The Value of Using Virtual Research Moving Forward

While remote data collection may no longer be a necessity dictated by the COVID-19 pandemic, there are multiple reasons to support the continuation of virtual real-time data collection. For example, remote data collection may be more accessible to some rural and limited mobility populations with a stable internet connection [30,31]. Having to attend research visits in person poses several accessibility issues, such as transportation issues, mobility problems, and the lack of childcare. Allowing participants to engage in data collection remotely removes these barriers to participation. Additionally, remote data collection is more affordable in some circumstances, as there is no need to reimburse participants for mileage. Many remote visits are shorter in duration as compared to in-person visits, thus requiring study staff to work fewer hours and therefore lowering the cost of the study. Finally, the need for specialized equipment and on-campus office space can be reduced when research is conducted remotely, as a larger study space is not needed for in-person gatherings and participants can often use their own materials from home [8]. In many cases, remote research improves opportunities to recruit a more representative study population as accessibility (ie, location) study costs and time barriers can be reduced. Reducing study costs in terms of office space, research staff costs, and mileage reimbursement allows for the funds to be used toward higher compensation for participants or to cover more study objectives and research questions. Moving forward, identifying ways to continue high-quality virtual real-time data collection visits would be a beneficial asset to many research studies.

Study Aims

As suggested above, some researchers have been conducting virtual data collection for several years before the pandemic; however, most research using remote data collection methods were conducted during the COVID-19 pandemic. This sudden shift in the research approach meant that much of this data collection was done with little empirical guidance. Reflecting now on the various virtual real-time data collection practices’ researchers have used enables an analysis of the benefits and drawbacks of various practices used. We can evaluate how we can use learnings from protocols and approaches that were developed before the COVID-19 pandemic and those developed in response to the pandemic to facilitate decisions we make about best practices for future remote data collection. This paper aims to (1) summarize the literature over the last decade on virtual research visit protocols involving real-time data collection; (2) evaluate current practices and methods used for virtual, real-time research visits; (3) identify gaps in the current methods used for virtual, real-time research visits; and (4) provide insight on the best practice protocols for carrying out virtual, real-time research visits. The findings from this paper will offer insights on how to best carry out remote real-time data collection and improve the access and quality of research for underserved populations, which will enable study teams to pivot to various forms of data collection as needed for various circumstances that arise in the future. Remote and virtual data collection are used interchangeably throughout this paper.

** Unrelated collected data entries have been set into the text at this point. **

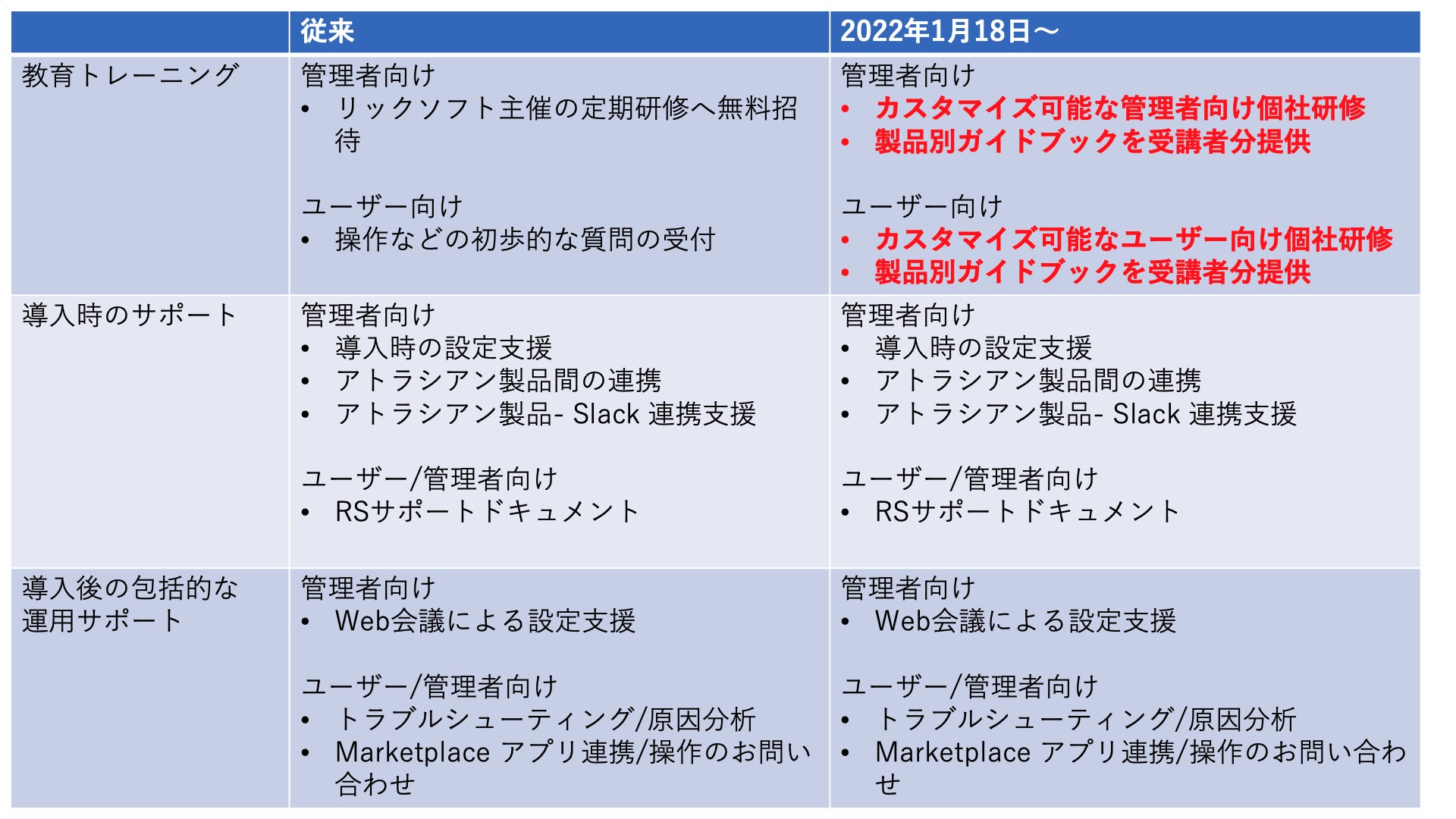 アトラシアン製品のクラウド版を利用するお客さまの運用をサポートする「サポートプラス」を発売して1年がたちました。そこで、さらにお客さまのご希望に添ったサポートを提供できないかと考え、この度従来の特典であった定期研修をセミオーダー型の個社研修へとグレードアップします。
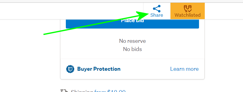 Im not sure wny the share button does not come up next to the watchlist when i scroll either. But i was able to share the listing by emailing the link you provided. Thank you for your assistance much appreciated.
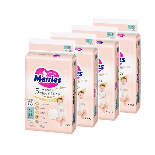 イメージ拡大 イメージ拡大 メリーズ テープ ファーストプレミアム Sサイズ 4kg 〜 8kg 240枚 (54枚×4袋) テープ 花王 Merries 紙おむつ 紙オムツ プレミアム カシミヤタッチ ふんわり さらさら
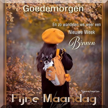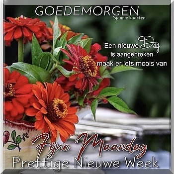 We beginnen een nieuwe week ... al zijn dit wel nutteloze woorden op dat plaatje want we weten dit ondertussen allen wel ,die dag is al een stukje gevorderd dus dat eerste lijntje was overbodig Maar het tweede lintje " wens jullie allen alvast een mooie Maandag " dat is wel van belang ! Om die woorden nog wat kracht bij te zetten is daar de zon ( hier toch) en als we die zien dan is dat een goed teken om van je dag er het beste van te maken !Amaai wat een gekrabbel over een simpel zinnetje vandaag waar 4 woorden volstaan ... GENIET VAN JE DAG !Voila en daarmee is alles wat de bedoeling hier was voor deze Maandagse voormiddag en dag volbracht !
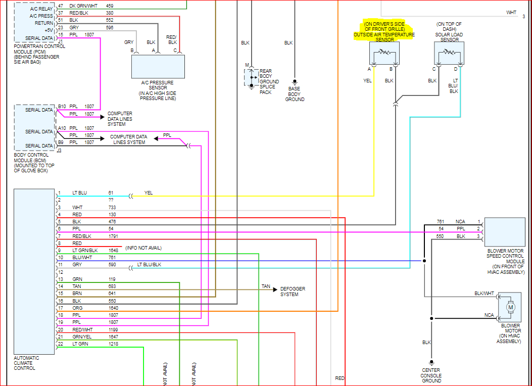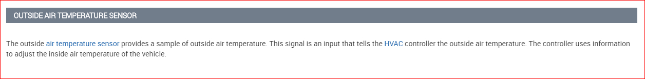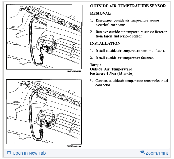 The A/C is not working, I think it's the climate control sensor for exterior. The digital readout says OC the blowers are working and when I get something different on screen it is negative 40 so blows hot air. I need an illustration of where sensor is located.
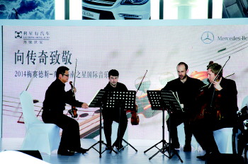 6月26日,2014梅赛德斯-奔驰国际音乐节于济南之星展厅启幕。这是继2010年以来,梅赛德斯-奔驰连续第五年将高水平古典音乐带到中国,也是首次走进梅赛德斯-奔驰济南之星展厅,豪车与高雅音乐交互辉映,为梅赛德斯-奔驰尊贵车主以及古典音乐爱好者们带来最独特动人的韵律。活动现场还特别安排了新一代梅赛德斯-奔驰S级轿车的讲解与品鉴环节,梅赛德斯-奔驰作为汽车缔造者,诞生于世界音乐之乡,早已将艺术的基因深深融入其血脉之中。
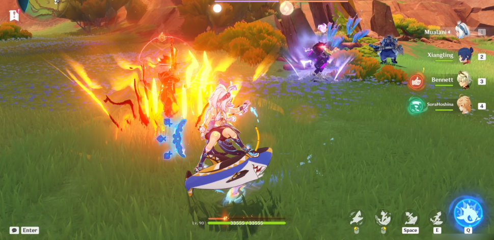 Телепортируйтесь к путевой точке на холме Хуитцтли и отправляйтесь на юго-запад через водоем, чтобы найти 3 врагов-фатуев. Как и у любого другого местного врага, их ATK очень высок, а когда один из них будет повержен, они создадут элементальное поле, которое со временем будет наносить урон вашему персонажу.
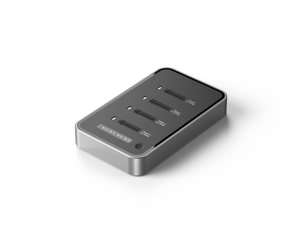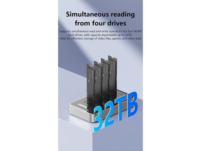 - All 4 bays support M.2 NVMe SSD up to a total 32TB. One touch offline cloner from 1 SSD to 1,2,3 SSDs.
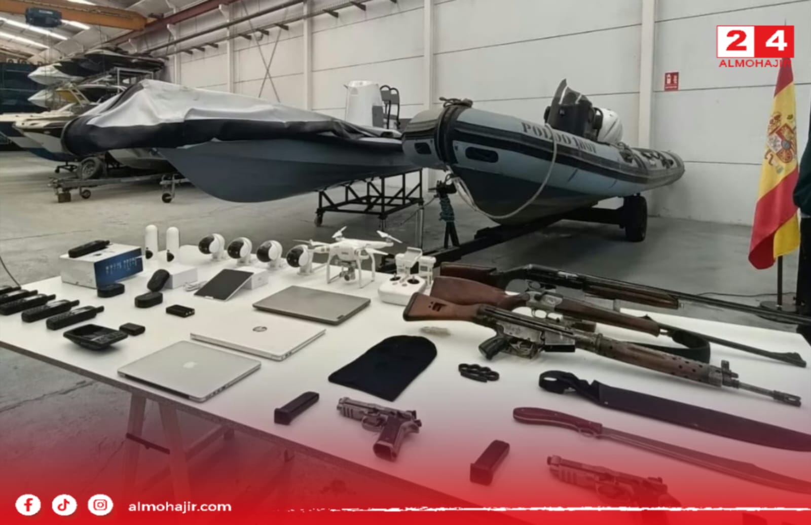وخلال هذه العملية، التي تمت بتنسيق مع أجهزة أوروبية من بينها “يوروبول”، تم حجز 23 زورقا، إلى جانب أسلحة نارية وبيضاء، وسيارات فاخرة، ومبالغ مالية تتجاوز 80 ألف يورو، فضلا عن كميات من المخدرات، شملت القنب الهندي والتبغ المهرب.

A 10-year literature review was conducted to identify past and present studies engaging in remote real-time data collection to identify strengths and weaknesses of these approaches and inform best practices for virtual real-time data collection in the future.

Identifying Relevant Studies: Inclusion or Exclusion

A search of the published literature was carried out to identify original research articles that collected data for research purposes in remote real-time settings. The inclusion and exclusion criteria used to determine which articles could be included in this paper are described in Textbox 1.

Every article conducting real-time virtual data collection was reviewed for inclusion and exclusion criteria. The first author (JS) systematically conducted a decade-long review by searching PubMed and Google Scholar for articles published between January 1, 2013, and June 23, 2023. The 10-year span was chosen to ensure results included articles that were from before and after the pandemic. The search was conducted from April 2023 through July 2023.

The databases were searched using Boolean operators of terms derived from three concepts: (1) remote data collection, (2) virtual real-time data collection, and (3) assessment or measurement. The following search terms were used in various combinations to identify articles: “anthropometry,” “anthropometrics,” “methods,” “telemedicine,” “telehealth,” “remote consultation,” “remote visit,” “remote research,” “live,” “real-time,” and “virtual research.” The search was limited to only articles published between 2013 and 2023.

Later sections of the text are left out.